About this exercise :: Images are to be excluded from the copy, and the records below reproduced word for word.

Extracted entries ::
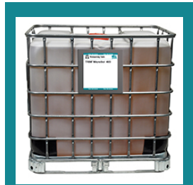
270-gallon tote SKU: MS485/NR270P UPC-12: 641238066552
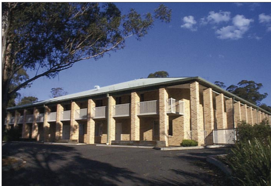
Riverstone Community Church of Christian Brethren 15 Hamilton Street Riverstone NSW 2765 (PO Box 189)
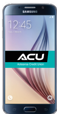
Samsung Galaxy S6

Grab a smart phone the smart way with an ACU personal loan*.
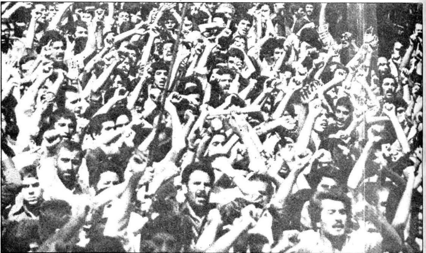
Demonstrations like this one in Tehran in September 1978 led to the overthrow of the fascist Shah’s US-backed regime.

The traitor regime of the Shah, in order to guard the interests of its foreign masters, and with their help, is engaged in its daily effort of equipping its anti-people armed forces with sophisticated weaponry, the armed forces which has no duty other than the repression of the struggle of our people, and the peoples of the region. For this reason, the toiling masses of our people, in order to overthrow the Shah’s regime, have no choice other than destroying
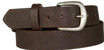
18242 - Brown Milled English Bridle Satin Finish Buckle • Snap Off
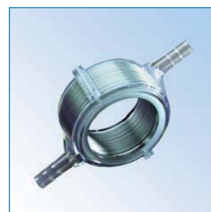
Sarns™ Conducer Heat Exchanger
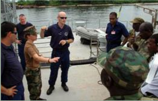
Growing Maritime Security Capacity: Africa Partnership Station (APS)

Exercise output ::
270-gallon tote SKU: MS485/NR270P UPC-12: 641238066552
Riverstone Community Church of Christian Brethren 15 Hamilton Street Riverstone NSW 2765 (PO Box 189)
Samsung Galaxy S6

Grab a smart phone the smart way with an ACU personal loan*.
Demonstrations like this one in Tehran in September 1978 led to the overthrow of the fascist Shah’s US-backed regime.

The traitor regime of the Shah, in order to guard the interests of its foreign masters, and with their help, is engaged in its daily effort of equipping its anti-people armed forces with sophisticated weaponry, the armed forces which has no duty other than the repression of the struggle of our people, and the peoples of the region. For this reason, the toiling masses of our people, in order to overthrow the Shah’s regime, have no choice other than destroying
18242 - Brown Milled English Bridle Satin Finish Buckle • Snap Off
Sarns™ Conducer Heat Exchanger
Growing Maritime Security Capacity: Africa Partnership Station (APS)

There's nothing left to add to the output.